Images should not appear in the copy, yet every line of the listing below must be printed exactly.

*Input for this task:*
↓↓↓

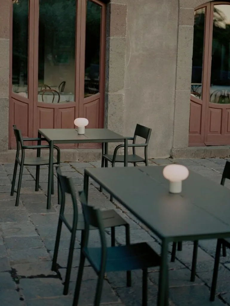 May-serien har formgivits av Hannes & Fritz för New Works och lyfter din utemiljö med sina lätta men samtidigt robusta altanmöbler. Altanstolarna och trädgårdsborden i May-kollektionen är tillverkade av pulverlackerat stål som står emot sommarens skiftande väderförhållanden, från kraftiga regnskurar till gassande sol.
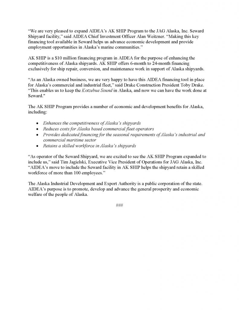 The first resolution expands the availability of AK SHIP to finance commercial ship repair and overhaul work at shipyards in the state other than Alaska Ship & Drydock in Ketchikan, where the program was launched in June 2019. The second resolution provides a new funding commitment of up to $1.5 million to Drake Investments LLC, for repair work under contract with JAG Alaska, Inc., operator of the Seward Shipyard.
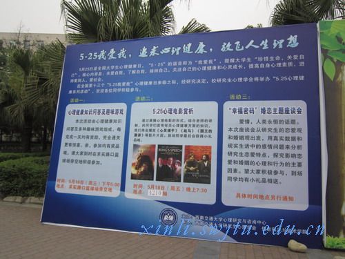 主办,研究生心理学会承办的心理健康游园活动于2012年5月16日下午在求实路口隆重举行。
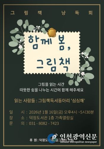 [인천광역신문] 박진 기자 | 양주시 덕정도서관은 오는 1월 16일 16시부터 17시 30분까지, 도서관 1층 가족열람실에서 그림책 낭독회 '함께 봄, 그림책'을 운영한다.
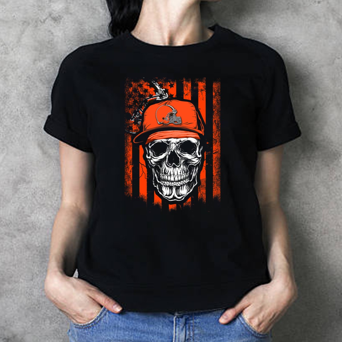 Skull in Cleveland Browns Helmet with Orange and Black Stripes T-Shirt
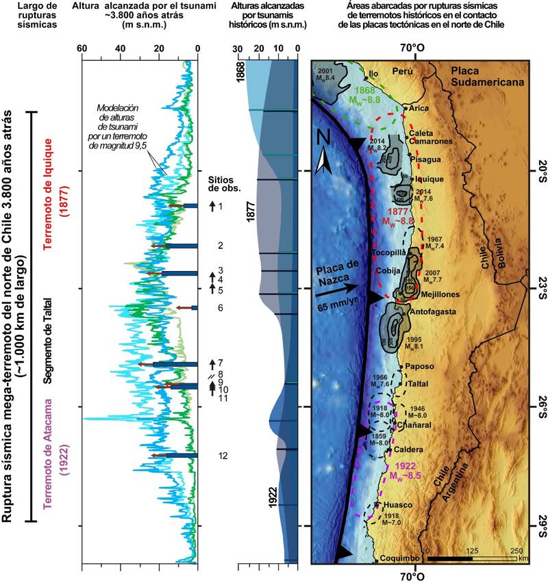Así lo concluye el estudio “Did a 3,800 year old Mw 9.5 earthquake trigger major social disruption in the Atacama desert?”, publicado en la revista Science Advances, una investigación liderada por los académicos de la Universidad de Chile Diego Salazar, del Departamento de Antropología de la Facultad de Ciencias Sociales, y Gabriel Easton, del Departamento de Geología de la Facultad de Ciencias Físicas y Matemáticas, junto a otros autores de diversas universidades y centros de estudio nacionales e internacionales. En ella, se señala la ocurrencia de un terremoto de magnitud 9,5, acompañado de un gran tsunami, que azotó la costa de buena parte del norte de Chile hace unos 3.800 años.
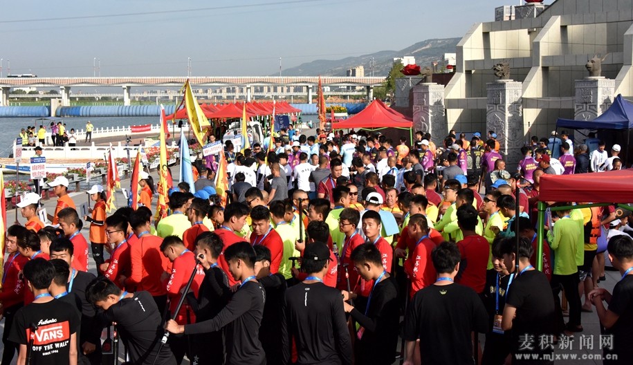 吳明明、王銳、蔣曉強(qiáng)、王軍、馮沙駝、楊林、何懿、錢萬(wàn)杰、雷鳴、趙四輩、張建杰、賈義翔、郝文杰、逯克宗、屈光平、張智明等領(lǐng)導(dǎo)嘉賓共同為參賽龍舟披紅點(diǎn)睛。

↑↑↑

*Reply to the exercise:*
 May-serien har formgivits av Hannes & Fritz för New Works och lyfter din utemiljö med sina lätta men samtidigt robusta altanmöbler. Altanstolarna och trädgårdsborden i May-kollektionen är tillverkade av pulverlackerat stål som står emot sommarens skiftande väderförhållanden, från kraftiga regnskurar till gassande sol.
 The first resolution expands the availability of AK SHIP to finance commercial ship repair and overhaul work at shipyards in the state other than Alaska Ship & Drydock in Ketchikan, where the program was launched in June 2019. The second resolution provides a new funding commitment of up to $1.5 million to Drake Investments LLC, for repair work under contract with JAG Alaska, Inc., operator of the Seward Shipyard.
 主办,研究生心理学会承办的心理健康游园活动于2012年5月16日下午在求实路口隆重举行。
 [인천광역신문] 박진 기자 | 양주시 덕정도서관은 오는 1월 16일 16시부터 17시 30분까지, 도서관 1층 가족열람실에서 그림책 낭독회 '함께 봄, 그림책'을 운영한다.
 Skull in Cleveland Browns Helmet with Orange and Black Stripes T-Shirt
Así lo concluye el estudio “Did a 3,800 year old Mw 9.5 earthquake trigger major social disruption in the Atacama desert?”, publicado en la revista Science Advances, una investigación liderada por los académicos de la Universidad de Chile Diego Salazar, del Departamento de Antropología de la Facultad de Ciencias Sociales, y Gabriel Easton, del Departamento de Geología de la Facultad de Ciencias Físicas y Matemáticas, junto a otros autores de diversas universidades y centros de estudio nacionales e internacionales. En ella, se señala la ocurrencia de un terremoto de magnitud 9,5, acompañado de un gran tsunami, que azotó la costa de buena parte del norte de Chile hace unos 3.800 años.
 吳明明、王銳、蔣曉強(qiáng)、王軍、馮沙駝、楊林、何懿、錢萬(wàn)杰、雷鳴、趙四輩、張建杰、賈義翔、郝文杰、逯克宗、屈光平、張智明等領(lǐng)導(dǎo)嘉賓共同為參賽龍舟披紅點(diǎn)睛。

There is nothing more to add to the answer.